**Your assignment**
Write out the following listing's lines from the one with "- Perfect Compatibility: Specially" to the one with "上海音乐学院青年教师朱政老师", exactly, with both included and no others.

======== Exercise materials ========

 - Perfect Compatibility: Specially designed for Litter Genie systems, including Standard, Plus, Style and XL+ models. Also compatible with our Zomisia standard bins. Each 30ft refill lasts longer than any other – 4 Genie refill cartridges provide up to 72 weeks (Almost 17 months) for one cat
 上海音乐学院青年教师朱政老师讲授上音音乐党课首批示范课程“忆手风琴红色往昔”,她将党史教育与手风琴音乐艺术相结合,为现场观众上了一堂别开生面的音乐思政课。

========
======== Exercise materials ========

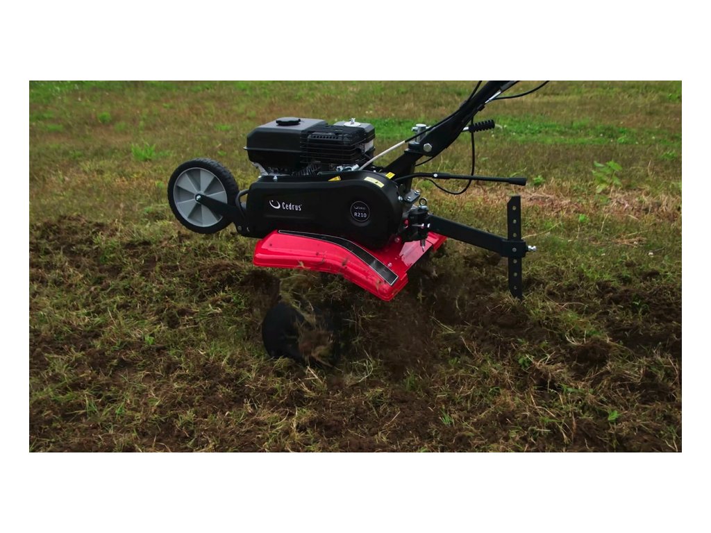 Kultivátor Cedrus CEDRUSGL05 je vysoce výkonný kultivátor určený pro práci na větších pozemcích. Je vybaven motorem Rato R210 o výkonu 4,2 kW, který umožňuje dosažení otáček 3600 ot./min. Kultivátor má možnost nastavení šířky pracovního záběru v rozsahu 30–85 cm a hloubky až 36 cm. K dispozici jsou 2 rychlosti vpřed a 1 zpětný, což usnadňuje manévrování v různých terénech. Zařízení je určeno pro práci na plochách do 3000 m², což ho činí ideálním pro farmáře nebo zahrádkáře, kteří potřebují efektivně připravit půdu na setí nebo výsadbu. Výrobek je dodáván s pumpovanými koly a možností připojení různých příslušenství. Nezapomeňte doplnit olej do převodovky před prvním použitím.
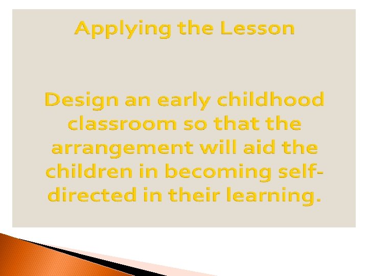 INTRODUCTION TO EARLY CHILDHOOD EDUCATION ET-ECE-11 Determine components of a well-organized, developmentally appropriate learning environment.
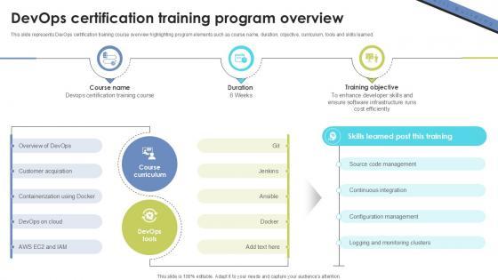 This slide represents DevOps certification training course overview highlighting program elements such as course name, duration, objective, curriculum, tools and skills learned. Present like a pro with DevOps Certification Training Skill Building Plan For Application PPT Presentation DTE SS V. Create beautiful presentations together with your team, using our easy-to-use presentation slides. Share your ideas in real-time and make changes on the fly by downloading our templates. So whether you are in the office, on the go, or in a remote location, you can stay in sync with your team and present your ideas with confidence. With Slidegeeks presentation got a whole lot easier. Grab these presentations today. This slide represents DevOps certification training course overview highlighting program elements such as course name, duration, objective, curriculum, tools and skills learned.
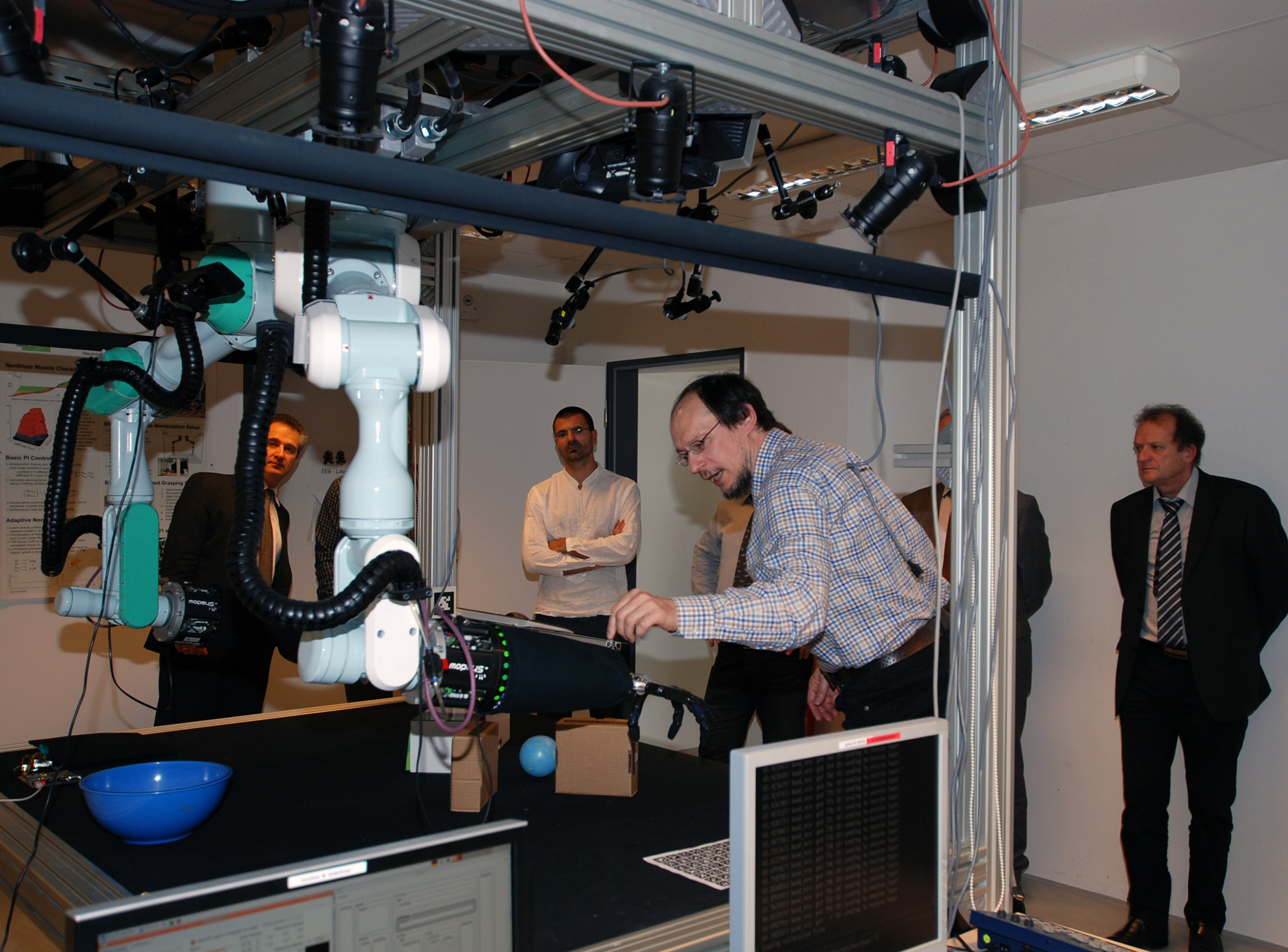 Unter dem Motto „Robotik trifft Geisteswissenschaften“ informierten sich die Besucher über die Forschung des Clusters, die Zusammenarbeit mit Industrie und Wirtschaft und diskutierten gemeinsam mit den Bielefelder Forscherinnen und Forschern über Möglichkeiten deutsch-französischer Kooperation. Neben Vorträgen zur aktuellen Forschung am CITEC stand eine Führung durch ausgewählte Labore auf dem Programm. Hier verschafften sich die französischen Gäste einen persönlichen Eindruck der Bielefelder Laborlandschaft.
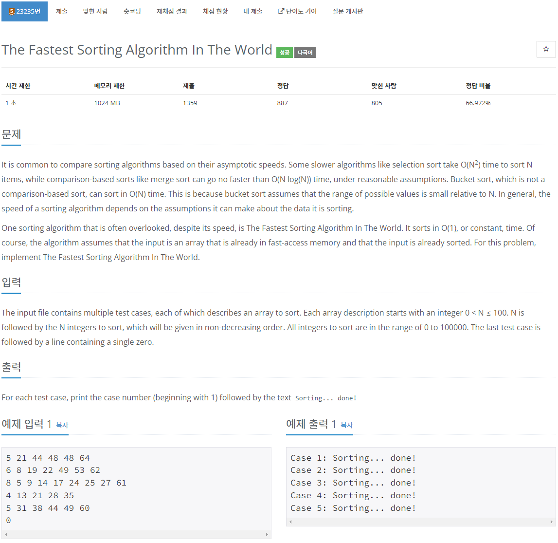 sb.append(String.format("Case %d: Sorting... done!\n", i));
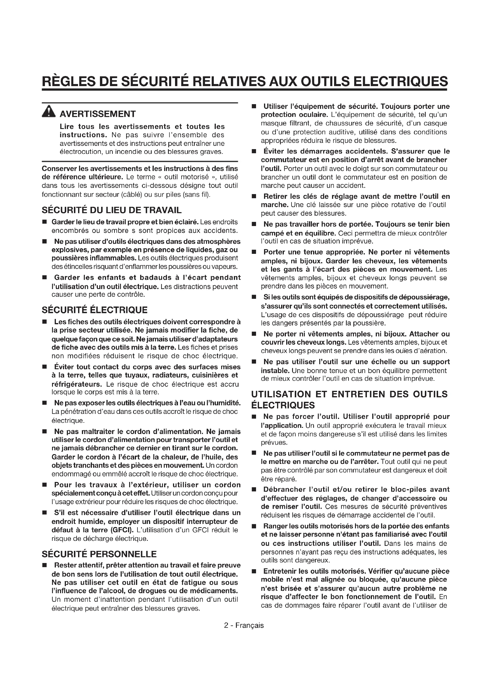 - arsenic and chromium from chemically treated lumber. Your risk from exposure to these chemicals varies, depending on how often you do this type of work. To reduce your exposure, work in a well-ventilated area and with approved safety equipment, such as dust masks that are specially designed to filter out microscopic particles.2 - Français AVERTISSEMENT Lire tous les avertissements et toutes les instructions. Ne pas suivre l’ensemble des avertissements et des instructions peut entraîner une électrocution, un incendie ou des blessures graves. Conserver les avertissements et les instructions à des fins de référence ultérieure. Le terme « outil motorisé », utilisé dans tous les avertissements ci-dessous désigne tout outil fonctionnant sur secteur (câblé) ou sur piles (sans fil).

========
======== Exercise materials ========

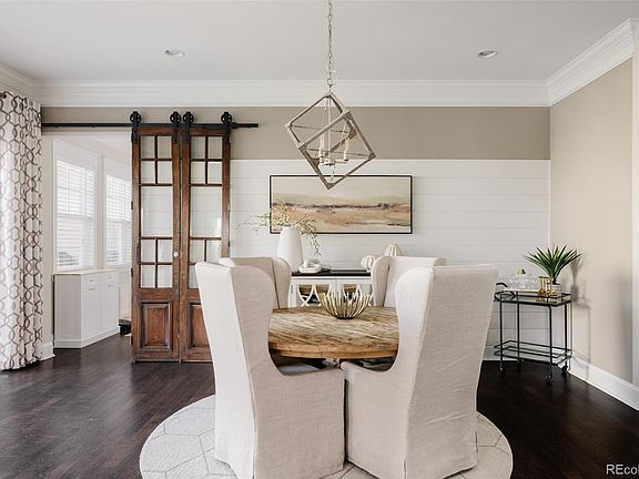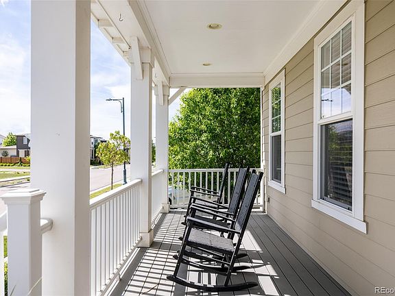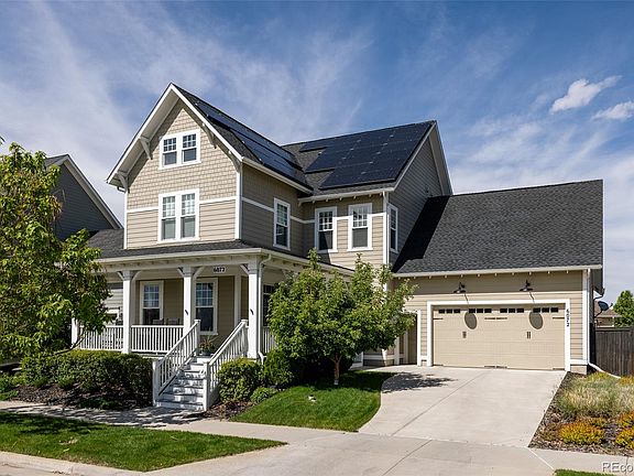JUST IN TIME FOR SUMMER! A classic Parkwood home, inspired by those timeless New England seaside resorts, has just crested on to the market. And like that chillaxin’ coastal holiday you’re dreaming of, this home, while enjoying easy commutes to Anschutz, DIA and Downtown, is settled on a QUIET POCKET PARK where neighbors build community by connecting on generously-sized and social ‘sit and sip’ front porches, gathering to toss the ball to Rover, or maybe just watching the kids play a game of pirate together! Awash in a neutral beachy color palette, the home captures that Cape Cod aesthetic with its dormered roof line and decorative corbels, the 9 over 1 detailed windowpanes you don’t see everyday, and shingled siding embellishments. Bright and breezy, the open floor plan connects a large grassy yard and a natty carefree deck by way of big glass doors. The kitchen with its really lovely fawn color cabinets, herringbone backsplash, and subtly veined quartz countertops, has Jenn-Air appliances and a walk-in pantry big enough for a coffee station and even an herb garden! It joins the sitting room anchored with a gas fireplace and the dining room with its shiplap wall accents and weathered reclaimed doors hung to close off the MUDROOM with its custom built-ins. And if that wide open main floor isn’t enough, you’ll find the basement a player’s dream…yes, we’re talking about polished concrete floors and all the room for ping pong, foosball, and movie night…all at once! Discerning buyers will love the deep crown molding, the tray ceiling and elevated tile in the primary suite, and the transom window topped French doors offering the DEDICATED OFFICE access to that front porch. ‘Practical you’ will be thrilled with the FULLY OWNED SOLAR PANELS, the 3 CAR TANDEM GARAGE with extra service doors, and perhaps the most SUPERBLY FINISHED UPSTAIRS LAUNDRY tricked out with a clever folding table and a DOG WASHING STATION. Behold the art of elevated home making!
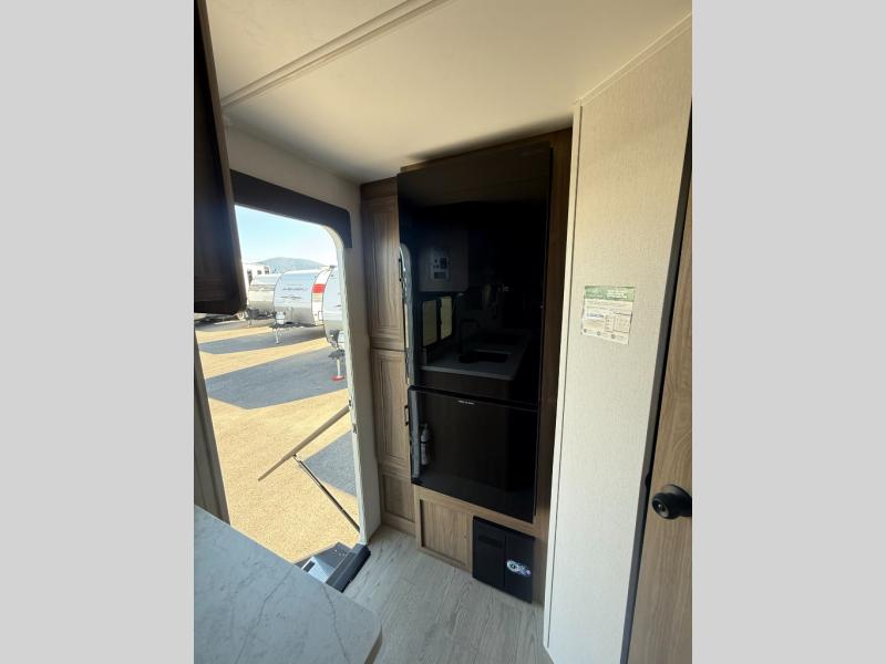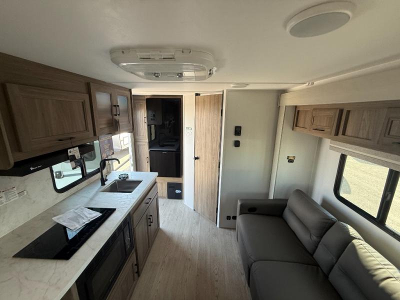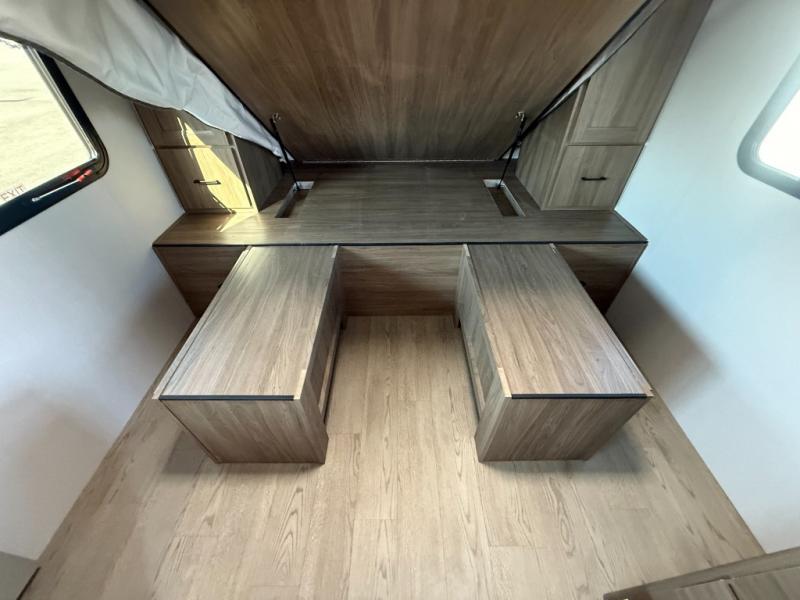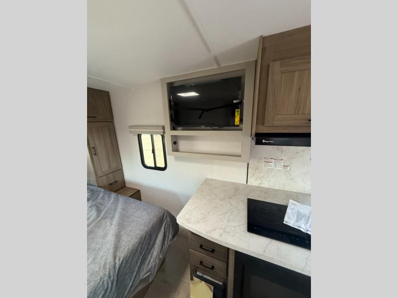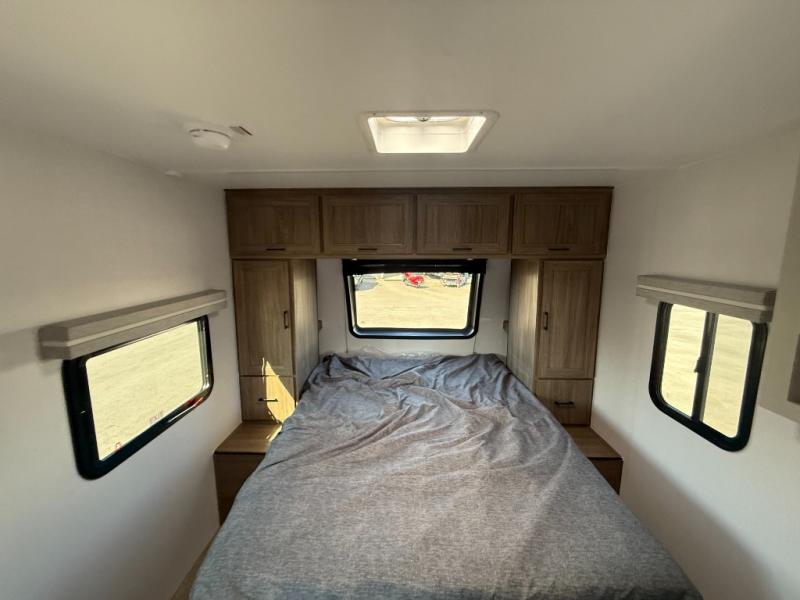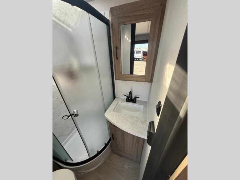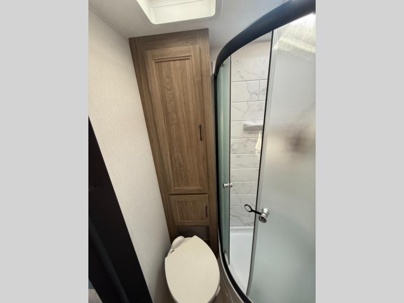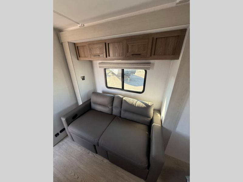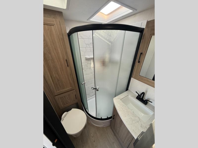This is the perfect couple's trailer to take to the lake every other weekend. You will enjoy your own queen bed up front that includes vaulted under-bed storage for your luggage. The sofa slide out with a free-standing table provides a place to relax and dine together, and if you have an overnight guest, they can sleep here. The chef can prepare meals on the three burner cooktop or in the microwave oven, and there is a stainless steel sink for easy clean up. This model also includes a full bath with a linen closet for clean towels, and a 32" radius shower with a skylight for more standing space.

========

**Result for this exercise**
 - Perfect Compatibility: Specially designed for Litter Genie systems, including Standard, Plus, Style and XL+ models. Also compatible with our Zomisia standard bins. Each 30ft refill lasts longer than any other – 4 Genie refill cartridges provide up to 72 weeks (Almost 17 months) for one cat
 上海音乐学院青年教师朱政老师讲授上音音乐党课首批示范课程“忆手风琴红色往昔”,她将党史教育与手风琴音乐艺术相结合,为现场观众上了一堂别开生面的音乐思政课。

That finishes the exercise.